With record revenue growth of over 34%, Africa was the fastest-growing market for the global music industry in 2022.
The viral nature of African tunes is not only creating a broader audience for African artists but also unleashing an unprecedented revenue boom.
The fastest-growing market region in 2022 was Sub-Saharan Africa, according to a new report. Growth in the region, which recorded a 34.7% rise in music sales, was largely driven by a booming music market in South Africa, where sales were up by more than 30% year-on-year.
This is according to a report by the International Federation of the Phonographic Industry (IFPI), which represents over 8000 record company members worldwide, including all three major labels, Universal Music Group, Sony Music Entertainment and Warner Music Group.
Released on March 21, 2023, the Global Music Report 2022 shows that the global recorded music market grew by 9.0% year-on-year in 2022, driven by growth in paid subscription streaming.
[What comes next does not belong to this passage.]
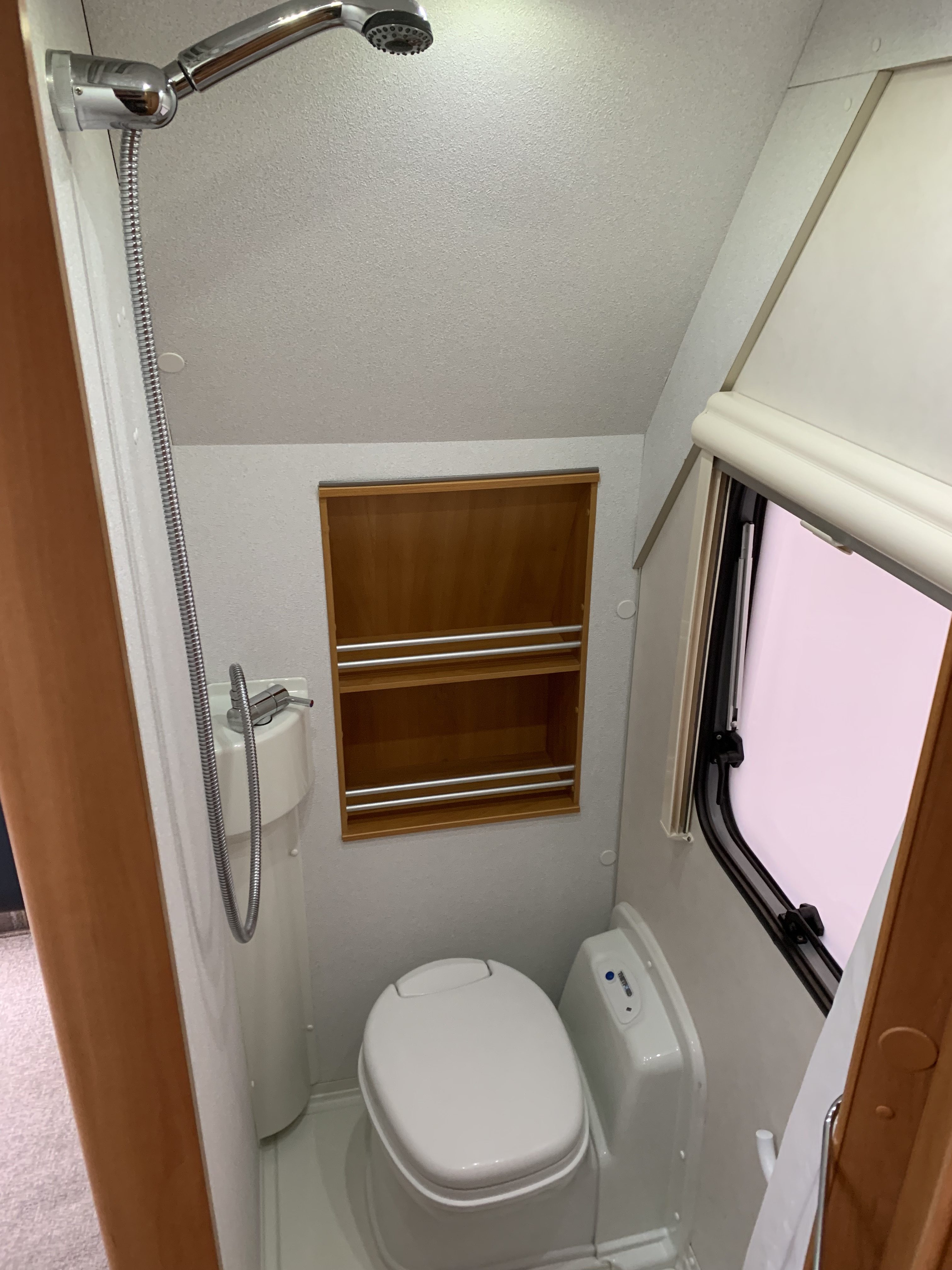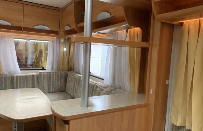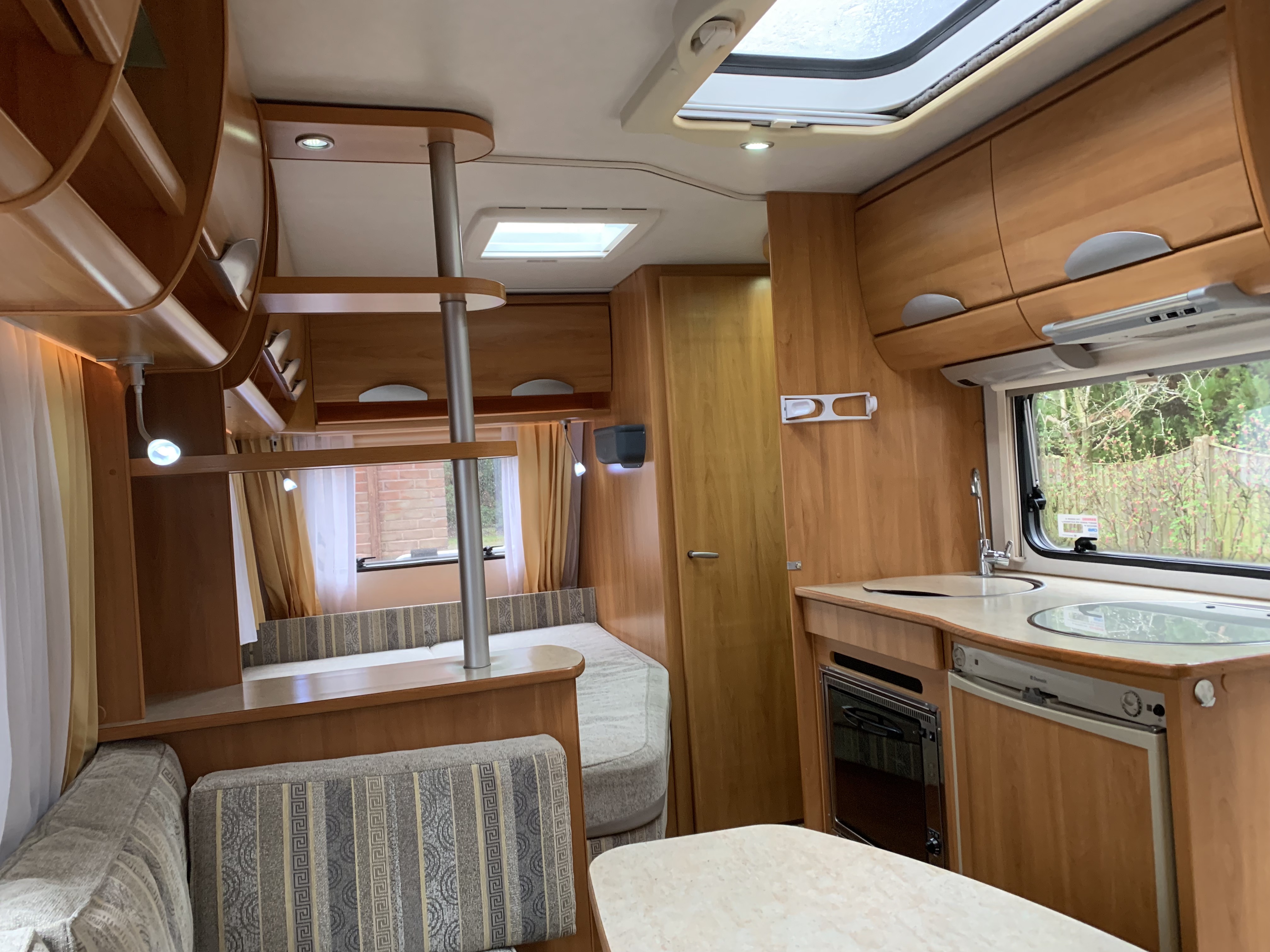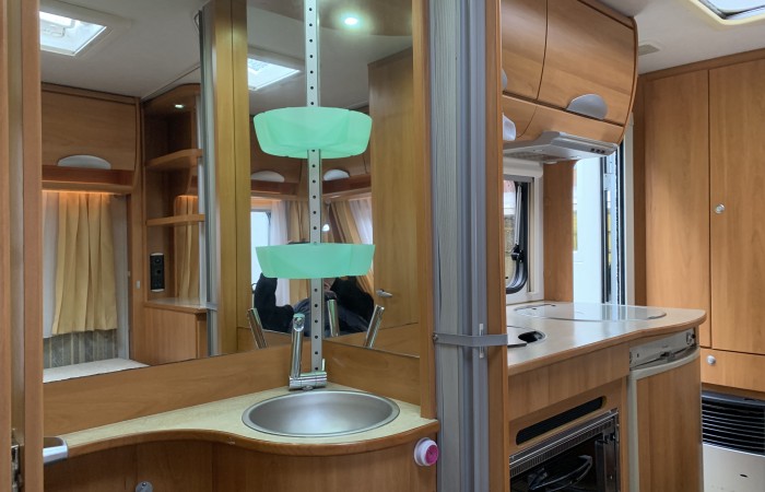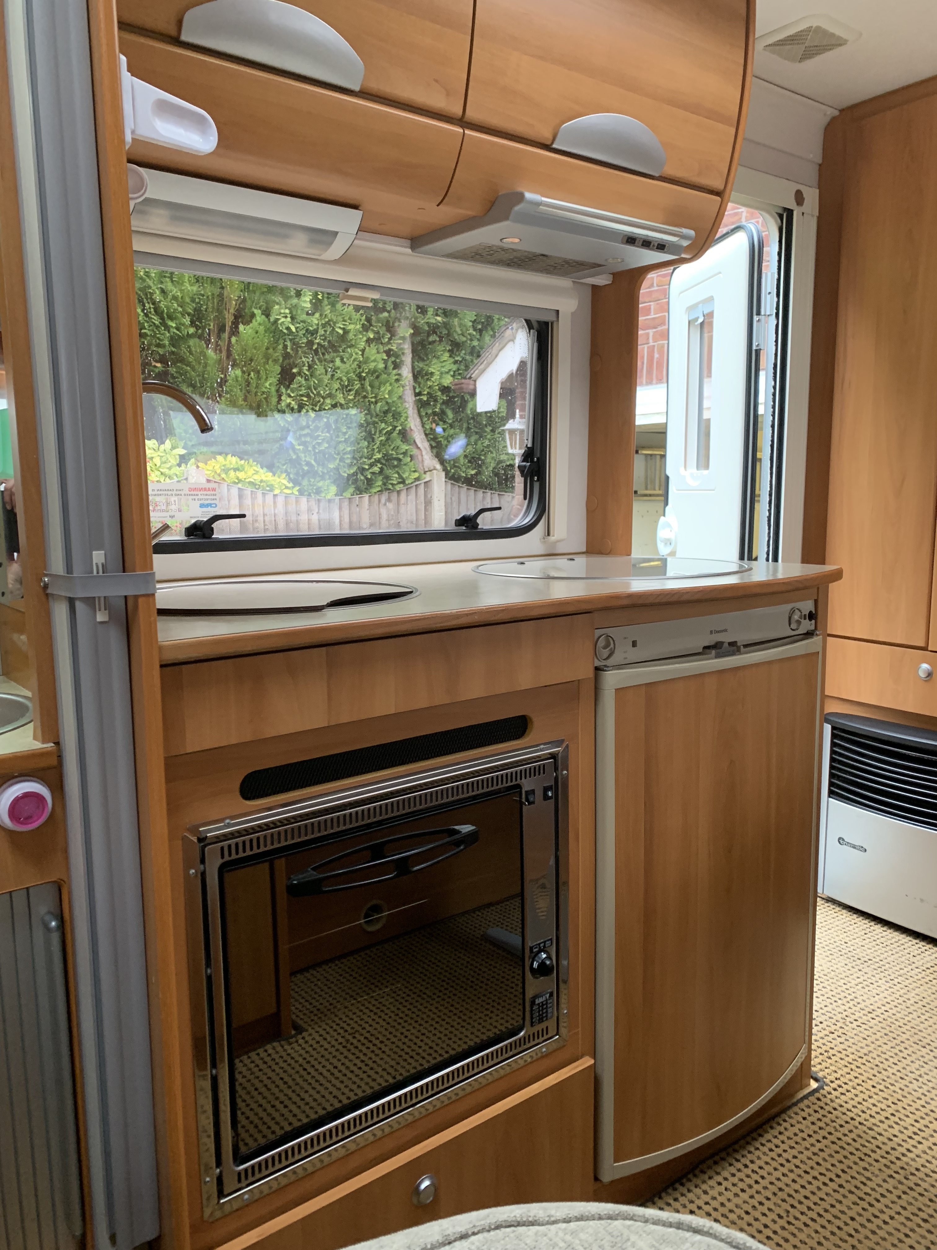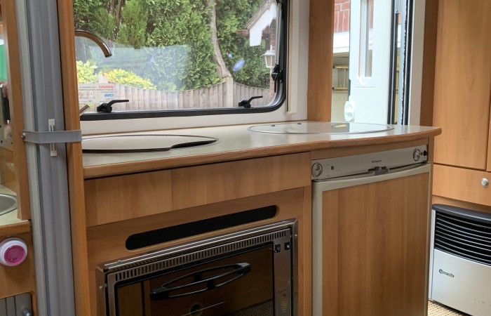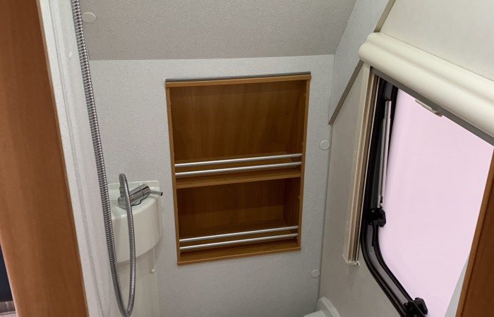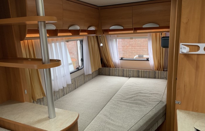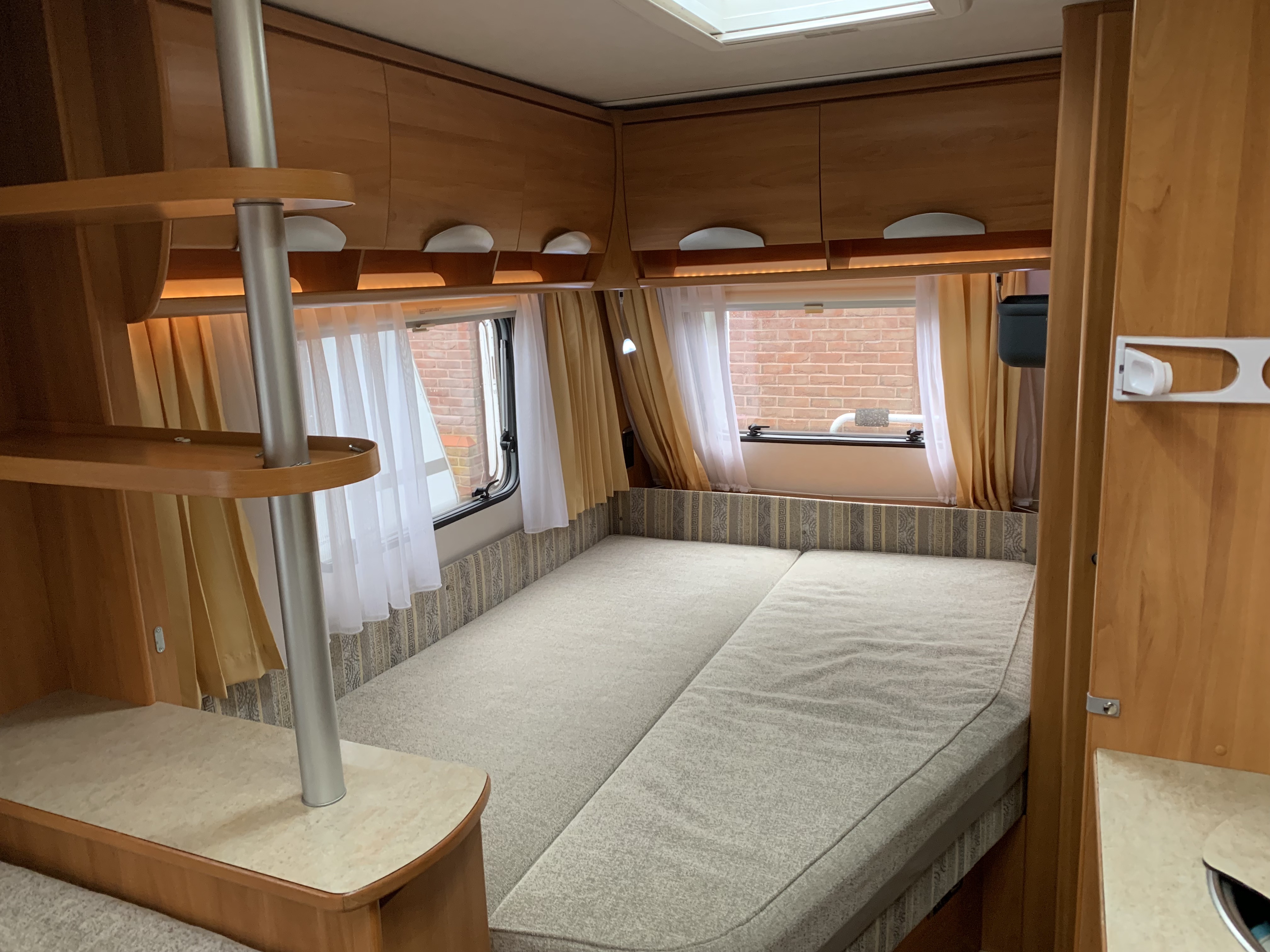 In exceptional condition this compact fixed bed German caravan has an “L” shaped lounge at the rear a washroom with a good size shower, electric flush cassette toilet and separate hand basin.

The report reveals that total trade revenues for 2022 were $26.2 billion.
Sub-Saharan Africa posted the highest revenue growth rate.
“Four regions posted double-digit gains, outpacing the overall growth rate of 9.0% and Sub-Saharan Africa overtook the Middle East and North Africa as the fastest growing area,” said IFPI.
The growth was majorly boosted by “a strong climb in revenues in South Africa, the largest market.”
Music sales in South Africa had grown only marginally in 2021, by 2.4%, but leapt by a massive 31.4% in 2022.
According to the report, Nigeria and South Africa have continued to do impressively well with regard to producing break-out artists pushing Afrobeat and Amapiano tunes.
Music streaming leader Spotify reported this week that its data showed Amapiano tracks generated close to 2 billion streams last year, representing a 143% increase over 2021.
“The genre has garnered a huge following, with over 240,000 playlists featuring Amapiano in the title and over 10-million playlists featuring at least one Amapiano track. Over 40% of Amapiano streams come from listeners outside South Africa,” said Spotify.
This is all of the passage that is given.